[soc.feminism] Sex and gender of Sun and Moon

tittle@ics.uci.edu (Cindy Tittle) (06/19/89)

[This article was crossposted.  I have no idea of what happens in this
case (i.e., if the article appears in the other groups anyway or if it
gets held up because of a moderated group in the list).  Our policy is
to NOT crosspost from this group, hence the other groups were deleted.
--Cindy]

In article <SHELMREI.89Jun13101937@hades.nmsu.edu> shelmrei@nmsu.edu (Stephen Helmreich) writes:

>A friend of mine did a small study of various mythologies and reported
>to me that overwhelmingly the deity of the sun was male and that of
>the moon was female.  
>
>The only exception I've found is in Tolkien's "Silmarillion" where the
>Vala in charge of the sun is female and that of the moon is male.  
>

Lakoff's 1987 book, "Women, Fire, and Dangerous Things" takes its
title from the noun-category system of Dirybal (sp?), a native
Australia language from the northeast coast between Townsville and
Cairns.  In that language, each noun is preceded by one of four
particles used to mark the four categories.  The central idea from
category 2 is "woman".  Fire is also in category 2, not because women
and fire have anything in common, but through a radial extension from
woman -> sun (female) -> fire.  At least, that's what I recall.

dmark@cs.buffalo.edu

HUXTABLE@kuhub.cc.ukans.EDU (Kathryn Huxtable) (06/20/89)

In article <18183@paris.ics.uci.edu>, tittle@ics.uci.edu (Cindy Tittle) writes:
[Well, it wasn't me, it was someone else...  --Cindy]
In article <SHELMREI.89Jun13101937@hades.nmsu.edu> shelmrei@nmsu.edu
  (Stephen Helmreich) writes:

>>A friend of mine did a small study of various mythologies and reported
>>to me that overwhelmingly the deity of the sun was male and that of
>>the moon was female.  
>>
>>The only exception I've found is in Tolkien's "Silmarillion" where the
>>Vala in charge of the sun is female and that of the moon is male.  

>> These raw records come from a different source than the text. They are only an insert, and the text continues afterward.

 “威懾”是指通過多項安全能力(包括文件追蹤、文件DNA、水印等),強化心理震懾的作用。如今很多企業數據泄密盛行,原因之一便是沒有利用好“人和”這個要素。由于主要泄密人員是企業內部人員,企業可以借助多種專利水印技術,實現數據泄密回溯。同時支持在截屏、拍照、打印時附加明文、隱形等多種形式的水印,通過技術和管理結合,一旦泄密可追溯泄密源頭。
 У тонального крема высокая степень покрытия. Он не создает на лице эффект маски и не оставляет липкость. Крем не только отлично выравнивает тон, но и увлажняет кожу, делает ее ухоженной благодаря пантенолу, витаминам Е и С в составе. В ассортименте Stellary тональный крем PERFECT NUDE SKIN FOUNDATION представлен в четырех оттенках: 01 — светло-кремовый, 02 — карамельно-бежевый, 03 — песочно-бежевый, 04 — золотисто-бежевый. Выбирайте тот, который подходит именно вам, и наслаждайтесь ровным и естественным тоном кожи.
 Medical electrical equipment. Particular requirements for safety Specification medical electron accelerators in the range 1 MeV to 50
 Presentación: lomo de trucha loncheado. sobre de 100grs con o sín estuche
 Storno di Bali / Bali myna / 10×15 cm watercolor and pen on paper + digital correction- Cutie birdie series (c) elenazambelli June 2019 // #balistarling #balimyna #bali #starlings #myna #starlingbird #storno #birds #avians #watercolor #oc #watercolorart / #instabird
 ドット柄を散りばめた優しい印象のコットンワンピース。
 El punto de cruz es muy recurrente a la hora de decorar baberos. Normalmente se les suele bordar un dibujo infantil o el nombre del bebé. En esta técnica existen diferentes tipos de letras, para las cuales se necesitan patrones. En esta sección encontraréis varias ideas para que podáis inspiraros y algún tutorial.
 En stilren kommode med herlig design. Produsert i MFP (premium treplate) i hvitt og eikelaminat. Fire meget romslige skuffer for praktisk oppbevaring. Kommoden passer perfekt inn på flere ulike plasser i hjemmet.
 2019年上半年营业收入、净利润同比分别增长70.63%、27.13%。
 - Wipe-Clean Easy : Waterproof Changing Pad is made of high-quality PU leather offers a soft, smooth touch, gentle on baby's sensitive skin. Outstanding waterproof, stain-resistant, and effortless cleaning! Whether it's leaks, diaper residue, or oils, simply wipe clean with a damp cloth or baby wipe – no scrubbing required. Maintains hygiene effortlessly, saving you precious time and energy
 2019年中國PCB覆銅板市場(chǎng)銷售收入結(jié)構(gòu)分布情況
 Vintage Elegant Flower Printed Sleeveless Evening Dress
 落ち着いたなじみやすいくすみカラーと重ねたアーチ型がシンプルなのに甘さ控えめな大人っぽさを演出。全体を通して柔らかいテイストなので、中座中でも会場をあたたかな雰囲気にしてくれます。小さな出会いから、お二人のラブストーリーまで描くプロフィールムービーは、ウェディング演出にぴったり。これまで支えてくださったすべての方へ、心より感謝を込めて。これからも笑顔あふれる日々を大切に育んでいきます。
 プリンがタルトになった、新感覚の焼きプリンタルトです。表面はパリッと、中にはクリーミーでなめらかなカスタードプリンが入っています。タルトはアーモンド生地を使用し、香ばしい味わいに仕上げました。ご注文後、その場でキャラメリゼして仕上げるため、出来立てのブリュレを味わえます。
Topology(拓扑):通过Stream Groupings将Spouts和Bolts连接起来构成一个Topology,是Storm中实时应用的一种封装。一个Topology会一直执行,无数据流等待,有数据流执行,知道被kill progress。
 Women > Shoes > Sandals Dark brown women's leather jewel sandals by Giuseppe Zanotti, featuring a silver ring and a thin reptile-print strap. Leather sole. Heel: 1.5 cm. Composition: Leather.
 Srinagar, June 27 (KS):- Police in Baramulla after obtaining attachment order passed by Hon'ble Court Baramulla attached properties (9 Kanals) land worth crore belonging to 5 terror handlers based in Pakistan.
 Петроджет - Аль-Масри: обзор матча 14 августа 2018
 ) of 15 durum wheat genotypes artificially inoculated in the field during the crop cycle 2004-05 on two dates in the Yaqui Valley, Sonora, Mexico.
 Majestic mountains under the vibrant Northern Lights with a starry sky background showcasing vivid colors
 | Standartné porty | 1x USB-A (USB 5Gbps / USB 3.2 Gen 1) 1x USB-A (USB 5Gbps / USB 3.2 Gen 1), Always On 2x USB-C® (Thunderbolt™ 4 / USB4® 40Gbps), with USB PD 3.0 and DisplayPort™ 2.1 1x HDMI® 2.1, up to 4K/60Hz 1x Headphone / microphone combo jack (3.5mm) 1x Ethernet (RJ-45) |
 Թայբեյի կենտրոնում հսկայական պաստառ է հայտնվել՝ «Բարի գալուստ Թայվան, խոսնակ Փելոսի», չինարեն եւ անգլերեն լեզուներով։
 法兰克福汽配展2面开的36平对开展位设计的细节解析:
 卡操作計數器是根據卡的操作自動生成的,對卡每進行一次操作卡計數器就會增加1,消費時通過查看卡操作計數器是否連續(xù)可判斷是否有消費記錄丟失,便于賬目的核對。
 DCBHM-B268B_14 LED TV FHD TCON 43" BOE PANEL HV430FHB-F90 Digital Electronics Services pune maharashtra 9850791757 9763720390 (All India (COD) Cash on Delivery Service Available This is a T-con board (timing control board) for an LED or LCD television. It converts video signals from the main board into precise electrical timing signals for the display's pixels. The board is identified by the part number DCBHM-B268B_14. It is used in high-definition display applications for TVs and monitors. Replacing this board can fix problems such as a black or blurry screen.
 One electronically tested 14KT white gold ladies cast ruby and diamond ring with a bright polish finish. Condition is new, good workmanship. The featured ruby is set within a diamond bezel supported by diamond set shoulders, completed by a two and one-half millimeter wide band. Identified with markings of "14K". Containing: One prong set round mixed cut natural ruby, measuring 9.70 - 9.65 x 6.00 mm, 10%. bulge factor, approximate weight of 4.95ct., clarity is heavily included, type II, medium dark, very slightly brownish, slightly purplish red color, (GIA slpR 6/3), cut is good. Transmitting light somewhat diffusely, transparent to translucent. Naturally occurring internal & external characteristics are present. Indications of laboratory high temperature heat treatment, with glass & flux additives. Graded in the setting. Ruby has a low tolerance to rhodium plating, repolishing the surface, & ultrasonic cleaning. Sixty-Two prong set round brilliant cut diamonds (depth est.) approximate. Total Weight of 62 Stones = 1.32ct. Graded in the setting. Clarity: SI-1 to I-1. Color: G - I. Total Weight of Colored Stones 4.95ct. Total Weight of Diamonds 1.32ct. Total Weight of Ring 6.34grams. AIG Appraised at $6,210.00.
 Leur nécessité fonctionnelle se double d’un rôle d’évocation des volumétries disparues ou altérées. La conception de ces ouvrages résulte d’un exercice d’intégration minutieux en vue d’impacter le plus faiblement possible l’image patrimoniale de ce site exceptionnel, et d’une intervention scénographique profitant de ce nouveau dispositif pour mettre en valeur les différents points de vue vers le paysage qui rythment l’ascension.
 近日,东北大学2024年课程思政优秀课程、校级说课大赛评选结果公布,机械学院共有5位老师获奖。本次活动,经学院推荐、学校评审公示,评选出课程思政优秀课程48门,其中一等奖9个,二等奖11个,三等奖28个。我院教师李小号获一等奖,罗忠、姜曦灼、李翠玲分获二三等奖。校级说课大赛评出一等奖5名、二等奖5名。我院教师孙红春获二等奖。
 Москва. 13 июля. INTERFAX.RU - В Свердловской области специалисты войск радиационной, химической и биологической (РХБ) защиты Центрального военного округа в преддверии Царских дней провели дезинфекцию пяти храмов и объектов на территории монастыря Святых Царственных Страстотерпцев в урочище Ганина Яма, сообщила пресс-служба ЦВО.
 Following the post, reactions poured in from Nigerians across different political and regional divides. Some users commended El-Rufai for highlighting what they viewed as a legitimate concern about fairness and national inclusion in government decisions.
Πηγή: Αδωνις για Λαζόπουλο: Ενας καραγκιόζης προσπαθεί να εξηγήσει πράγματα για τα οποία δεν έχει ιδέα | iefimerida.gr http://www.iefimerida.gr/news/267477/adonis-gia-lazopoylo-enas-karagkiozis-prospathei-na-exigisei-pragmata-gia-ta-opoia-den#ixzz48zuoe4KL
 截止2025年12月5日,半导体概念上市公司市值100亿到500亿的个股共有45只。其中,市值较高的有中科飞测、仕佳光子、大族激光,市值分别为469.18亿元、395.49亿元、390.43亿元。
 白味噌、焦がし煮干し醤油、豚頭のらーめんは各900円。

I would also add that Amaterasu, the solar diety in Japan's Shinto
religion is female.  This is who the imperial line is supposed to be
descended from.

--
Kathryn Huxtable
huxtable@kuhub.cc.ukans.edu

trudel@caip.rutgers.EDU (Jonathan D. Trudel) (06/21/89)

>>A friend of mine did a small study of various mythologies and reported
>>to me that overwhelmingly the deity of the sun was male and that of
>>the moon was female.  

True, but did you ever know why?  If observed from an anthropological
perspective, the relation does make sense.

Consider the moon.  It waxes and wanes on a monthly basis.  Women go
through a similar "monthly" event - menstruation.  It is believed (and
from what I've heard, generally accepted) that the Female/Moon link
was made in many cultures because of this synchronicity, and of
course, the Sun/Male relation followed.

Pretty wild stuff, eh?  

						Jon

randolph@sun.com (Randolph Fritz) (06/21/89)

In Finnish mythology (which Tolkien drew on -- "vala" is Finnish) the
sun is female & the moon is male.  There are probably others.  I
suspect that the mythologies most easily available to English-speakers
have the sun as male & the moon as female because those are the
mythologies which we feel comfortable with.